Don't eat...You're fat. Fat. Fat. Fat. 

I winced as the voice that wasn't my own spoke to me. I've had the voice since I can remember. It controls me.

You know what you fat pig? I think today is the day! Today is the day that you will kill yourself. I mean, nobody here cares for you. Freak. Your own sister stares at you as if you're a wounded puppy. Going to break at any minute.

I continued to push the mashed potatoes around on my plate as my mother huffed and sat back in her chair. My dad just looked from her to me before continuing to eat his food.

You need to prepare yourself for what's about to happen. Tonight is the night! Can you believe it! No more sadness, no more eating, no more me! All you have to do is succeed and I'll be gone! Simple as that.

I took a sharp breath in through my nose as I stood up from the table. "Tyler. Sit your butt down right now and have dinner with the rest of the family. Please." My mother pleaded as silent tears rolled down her cheeks. I shook my head quickly and didn't bother to push in my chair as I made a get away towards the comfort of my own room.

Now you can lose weight since you skipped dinner! Good job Tyler. I'm very proud. Now listen to me very closely. You are nothing. A nobody. Everyone hates you. You're not worthy to be loved. Ha HA HA! Even I hate you and I'm all just in your head.

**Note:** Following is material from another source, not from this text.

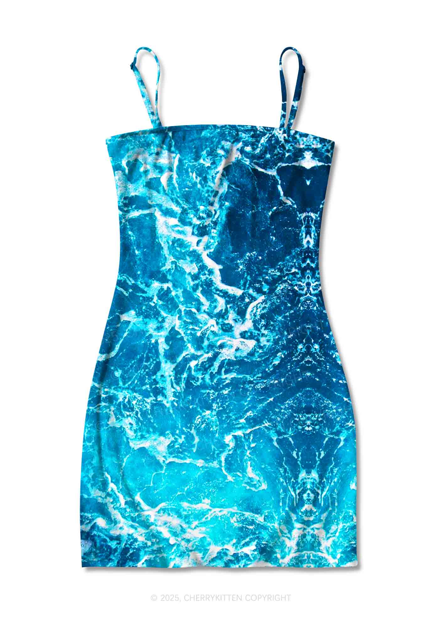 Ocean Wave Y2K Print Slip Dress Cherrykitten

After closing and locking the door to my bedroom, I sank down onto my bed.

NO what are you doing you lazy butt! Get up and get the razor. You know where to go from there.

My eyes were dry with the tears I would never shed. Today is the day! The day I get to finally be happy. The day the voice goes away. The day I no longer am controlled.

I stalked off to the bathroom as the voice inside was screaming at me.

You're stupid! Ha! I can't wait till this is all over. Nobody loves you.

I opened up the slide in mirrors above my sink and got my small, silver friend from its hiding place.
*trigger warning*
I smiled down towards it as if I'd know it for years. My friend. My release from pain. I rolled my sleeves up on my red sweater I was wearing. I held the razor between my thumb and pointer as I rubbed my scars with my middle finger.

Just more to add to your ugly arms

I ran the silver blade over my wrist and little beads of red appeared on my skin. I did it again. And again. 25. 50. 60. I lost count. My arm was bleeding everywhere and I couldn't tell where it was a cut or just running blood. I smiled.

Yes! This is it! Now I want you to get your antidepressants and get into the tub.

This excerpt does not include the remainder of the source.